5. E-E-A-T Signals for AI Trust
E-E-A-T — Experience, Expertise, Authoritativeness and Trustworthiness — determines whether AI engines consider your content reliable enough to cite.
- Author pages with Person schema — every article should link to an author page that includes the author's credentials, experience and social profiles, marked up with Person JSON-LD.
- HTTPS everywhere — this is table stakes, but still worth checking. Mixed content or expired certificates erode trust signals.
- Structured contact information — include your organisation's address, phone number and contact page in your Organization schema. AI engines use this to verify legitimacy.
- Citation sources — link to authoritative external sources. AI engines evaluate your outbound link quality as a trust signal.
- Date freshness — keep dateModified accurate in your JSON-LD. AI engines prioritise recent content, and incorrect dates can suppress your visibility.
6. Monitoring and Validation
Technical SEO for AI isn't a one-time project. It's an ongoing discipline.

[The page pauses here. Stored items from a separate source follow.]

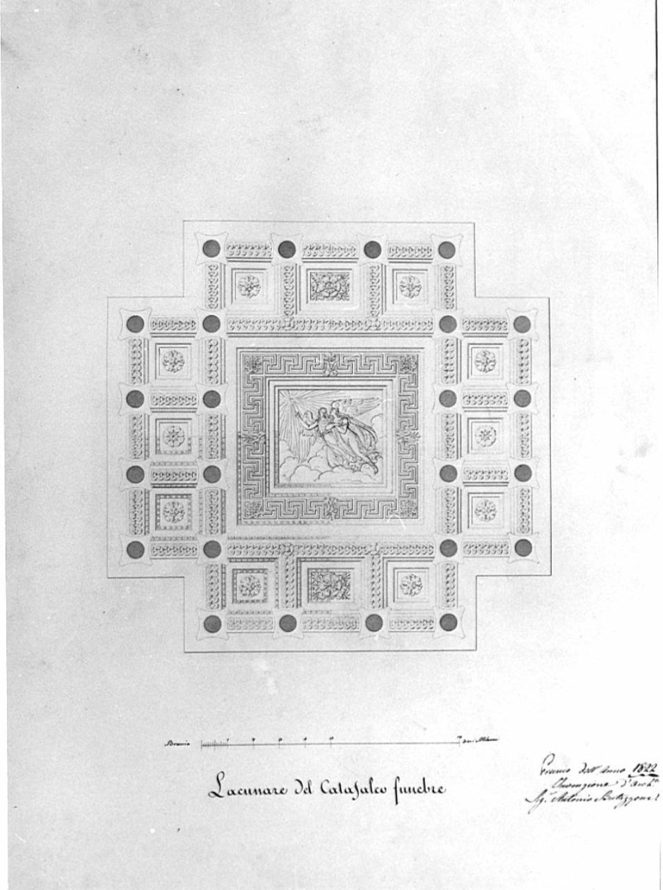 Progetto di un catafalco funebre. architettura: catafalco funebre (lacunari)
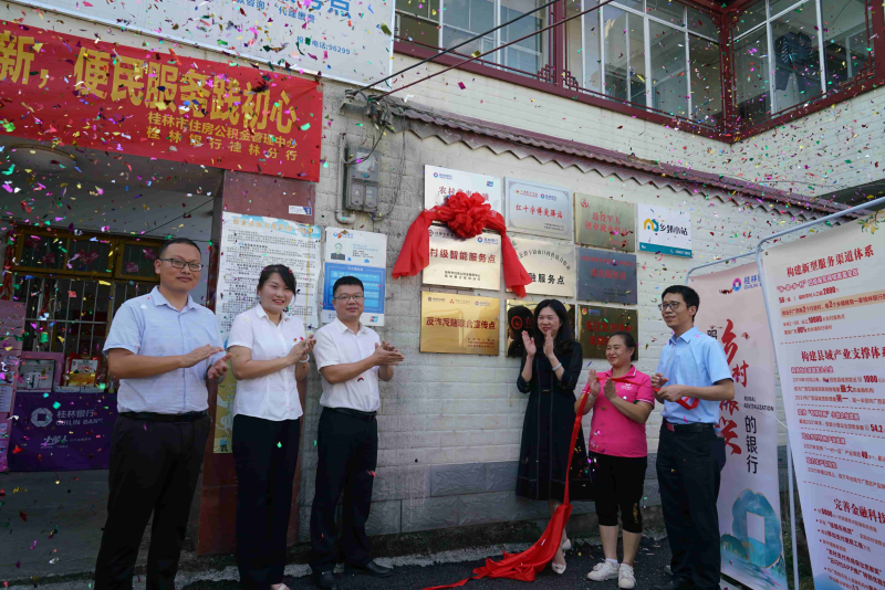 7月28日,桂林市住房公积金管理中心联合桂林银行桂林分行打造的我市首个农村地区公积金智能缴存服务点在灵川县潭下镇山口村正式启用,并举行揭牌仪式。中心党组成员、副主任罗迪,桂林银行桂林分行党委委员、副行长秦婧婧及相关负责人参加揭牌仪式。
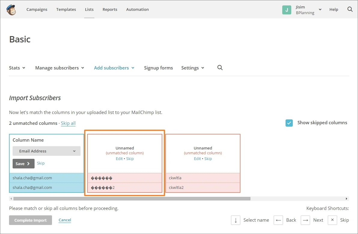 그렇게 되면 아래 이미지와 같이 해당 파일에 있는 내용들이 나오면서 해당 열별로 어떤 항목인지 설정하는 화면이 나옵니다. 이메일과 같이 식별이 가능한 항목은 Email Address라고 설정이 되니 Save 버튼만 눌러주면 되고 그렇게 기본 설정이 안 되는 항목은 각자 원하는 항목으로 설정을 한 후 Save를 눌러주면 됩니다 (반드시 설정 후에는 Save를 눌러줘야 설정이 됩니다). 다만, 파일에 정보가 있긴 했으나 굳이 리스트에 추가하지 않아도 되는 정보는 Skip을 클릭하면 됩니다.
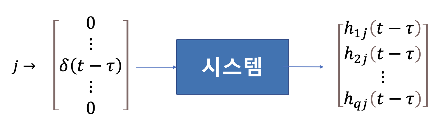 여기서 \(h_{ij} (t-\tau)\) 는 다른 입력단에서의 입력값이 모두 \(0\) 이고 시간 \(\tau\) 에서 \(j\) 번째 입력단에만 임펄스가 가해졌을 때 시간 \(t\) 에서 \(i\) 번째 출력단에서의 반응을 나타낸다.
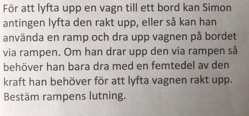 - Teckna ett annat uttryck för det arbete som krävs för att dra vagnen upp längs med rampen.
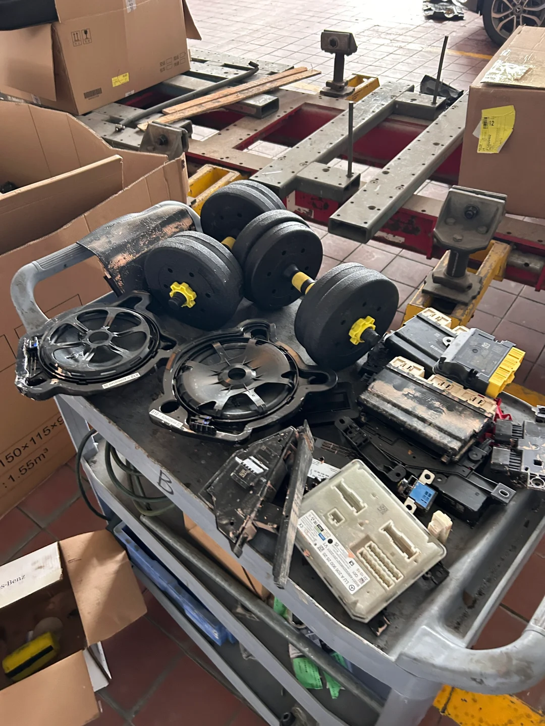 相信大家都已经看得出来这是奔驰哪款车了吧,由于下雨的时候车主没有把车停好。[笑哭R][笑哭R]目前得到了一张5万左右的定损单。 详情还没出来,出来详情以后我再来更新,目前损坏的电脑是已经更换了,还有两个座椅电脑,以及一些喇叭和线束。目前车子还在修,4s店也提供了代步车(宝马五系)。 [笑哭R]车友用实际证明告诉大家,在暴雨天气的时候,车子尽量停到高处!!

- Google Search Console — monitor your structured data reports weekly. Watch for new errors after deployments.
- Schema validation tools — use Schema.org's validator alongside Google's Rich Results Test for comprehensive coverage.
- AI search monitoring — regularly search for your target queries in ChatGPT, Perplexity and Google AI Overviews. Track whether your content appears in citations.
- Log file analysis — check your server logs for GPTBot, ClaudeBot and PerplexityBot activity. If they're not crawling, they're not indexing.
The Checklist at a Glance
Here's your quick-reference version. Print it, pin it, share it with your dev team.
- JSON-LD with correct @type, all required properties, nested entities
- SpeakableSpecification on key content sections
- FAQPage schema on relevant pages
- aboutTopics declared in structured data
- BreadcrumbList schema implemented
- Organization + WebSite schema on every page
- robots.txt allows GPTBot, ClaudeBot, PerplexityBot
- llms.txt file published and maintained
- XML sitemap current with accurate lastmod
- Self-referencing canonical tags on all pages
- Core Web Vitals passing
- Semantic HTML heading hierarchy (H1 → H2 → H3)
- Answer-first content structure
- Descriptive anchor text on internal links
- Alt text on all images
- Clean, keyword-rich URL slugs
- Author pages with Person schema
- HTTPS with valid certificates
- Organization schema with contact details
- Accurate datePublished and dateModified in JSON-LD
- Weekly Search Console monitoring
- Regular AI search citation tracking
Where Most Organisations Fail
We audit dozens of enterprise sites every year. The pattern is consistent: content teams invest heavily in writing, but nobody owns the technical layer. The result? Brilliant content that AI engines can't parse, can't trust and won't cite.
The fix isn't complicated. It's systematic. Work through this checklist, involve your developers early and treat structured data as seriously as you treat your editorial calendar.